Complete classification of purely magnetic, nonrotating, nonaccelerating perfect fluids

Recently the class of purely magnetic nonrotating dust spacetimes has been shown to be empty [ L. Wylleman Classical Quantum Gravity 23 2727 (2006)]. It turns out that purely magnetic rotating dust models are subject to severe integrability conditions as well. One of the consequences of the present paper is that also rotating dust cannot be purely magnetic when it is of Petrov type D or when it has a vanishing spatial gradient of the energy density. For purely magnetic and nonrotating perfect fluids on the other hand, which have been fully classified earlier for Petrov type D [ C. Lozanovski Classical Quantum Gravity 19 6377 (2002)], the fluid is shown to be nonaccelerating if and only if the spatial density gradient vanishes.
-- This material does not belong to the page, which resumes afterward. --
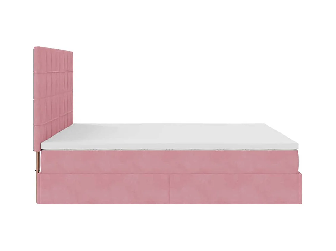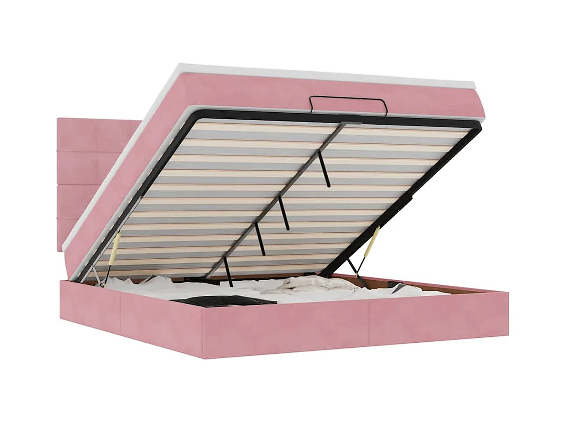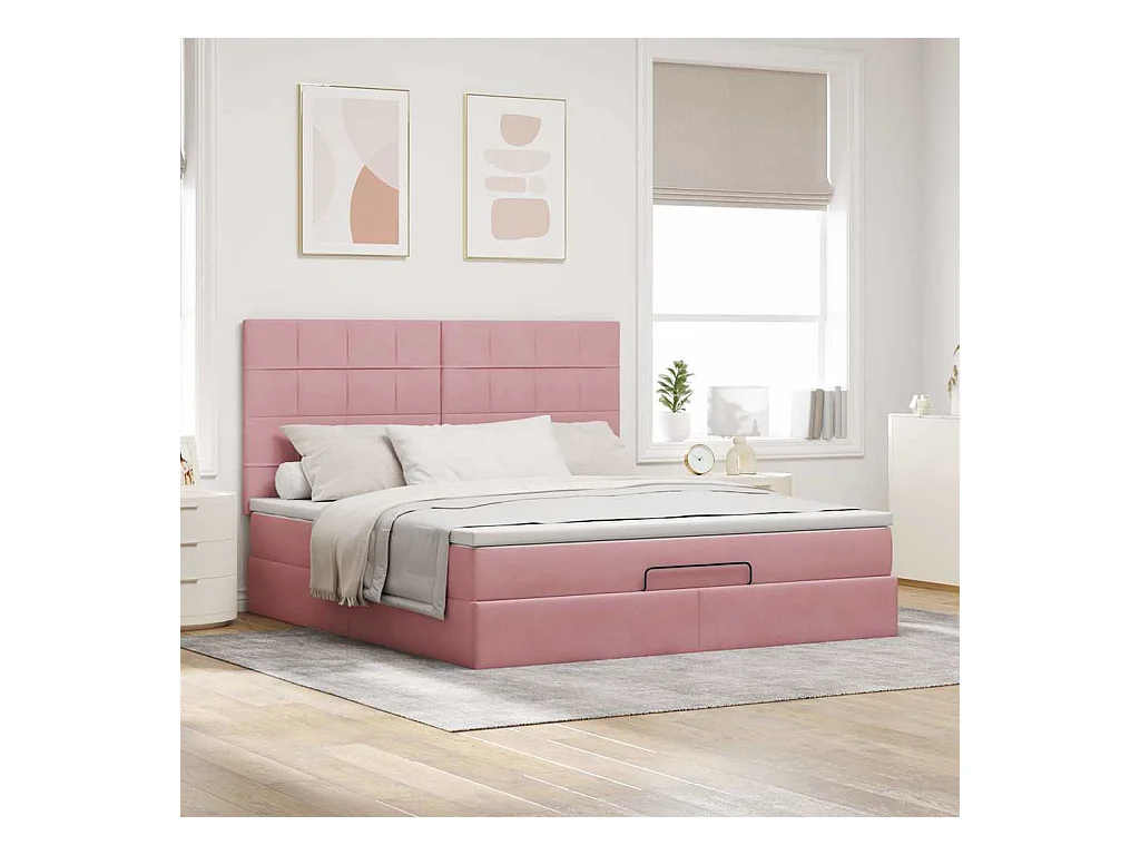 Cadre de lit ottoman avec matelas rose 160x200 cm velours

Under these conditions, a new and algebraically general solution is found, which is unique up to a constant rescaling, which is spatially homogeneous of Bianchi type VI₀, has degenerate shear, and is of Petrov type I(M^∞) in the extended Arianrhod-McIntosh classification. The metric and the equation of state are explicitly constructed and properties of the model are briefly discussed. We finally situate it within the class of normal geodesic flows with degenerate shear tensor.